§ Material provided:

○ ○ ○ ○ ○ ○ ○

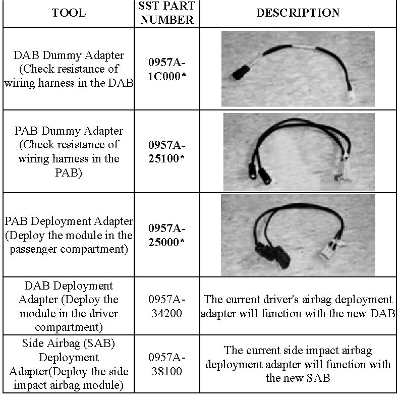 SPECIAL SERVICE TOOL (SST) FOR DUAL-STAGE AIRBAG:
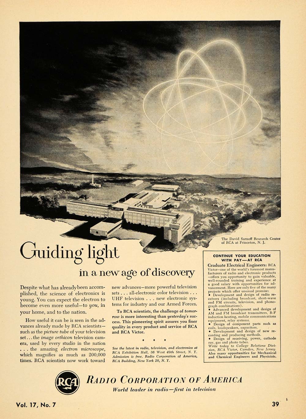 This is an original 1952 black and white print ad for the Radio Corporation of America (RCA), located in New York. This ad features the David Sarnoff Research Center of RCA Victor at Princeton, New Jersey.
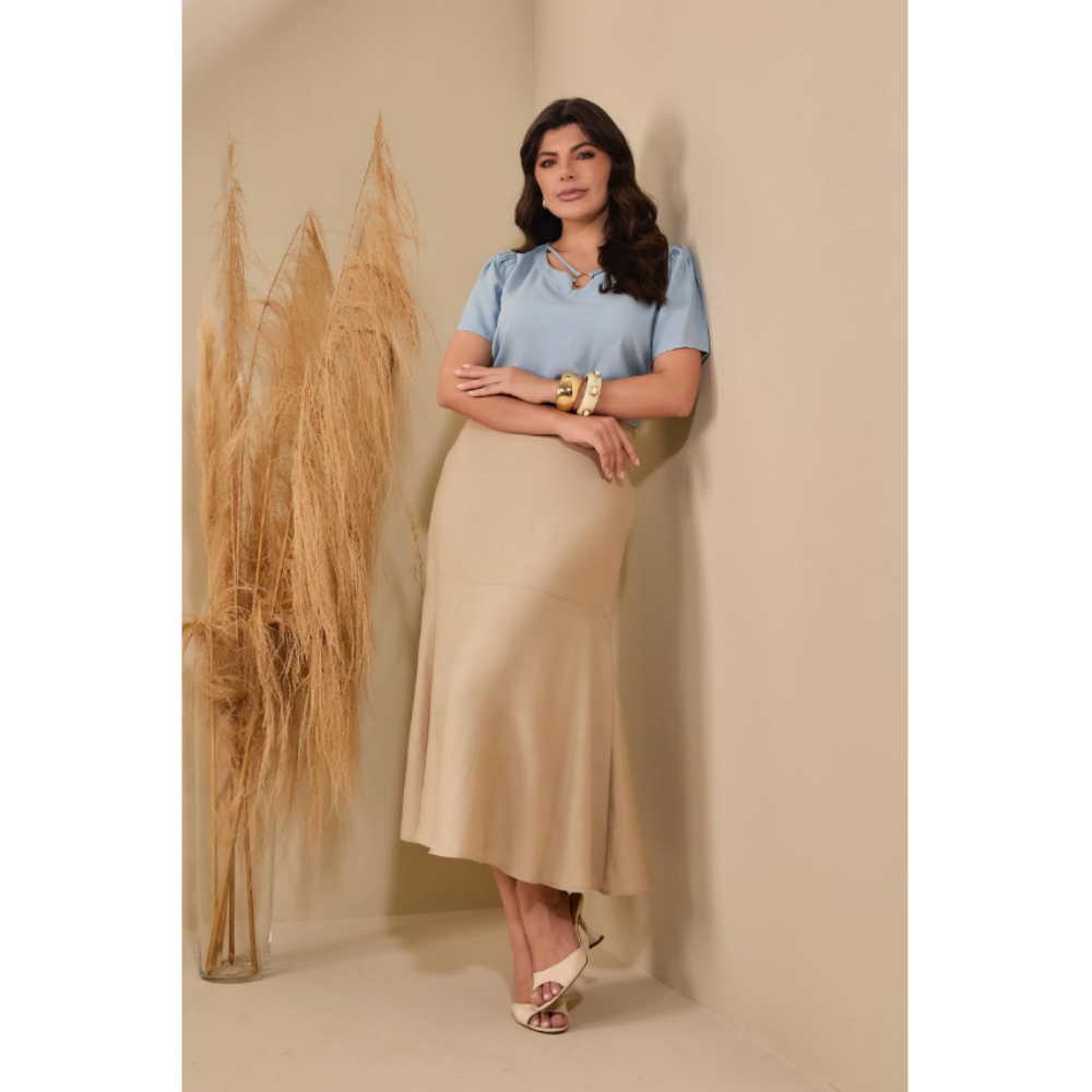 Blusinha meia manga com design básico e casual, perfeita para o dia a dia. Possui detalhe em argola no decote, que adiciona um toque de estilo sem perder a simplicidade da peça. Confeccionada em tecido confortável, garante caimento leve e praticidade, ideal para combinações versáteis e looks descomplicados.

○ ○ ○ ○ ○ ○ ○

§ Instructions for the task: Word for word, give the listing above again, but drop any pictures.

§ Finished exercise:
 SPECIAL SERVICE TOOL (SST) FOR DUAL-STAGE AIRBAG:
 This is an original 1952 black and white print ad for the Radio Corporation of America (RCA), located in New York. This ad features the David Sarnoff Research Center of RCA Victor at Princeton, New Jersey.
 Blusinha meia manga com design básico e casual, perfeita para o dia a dia. Possui detalhe em argola no decote, que adiciona um toque de estilo sem perder a simplicidade da peça. Confeccionada em tecido confortável, garante caimento leve e praticidade, ideal para combinações versáteis e looks descomplicados.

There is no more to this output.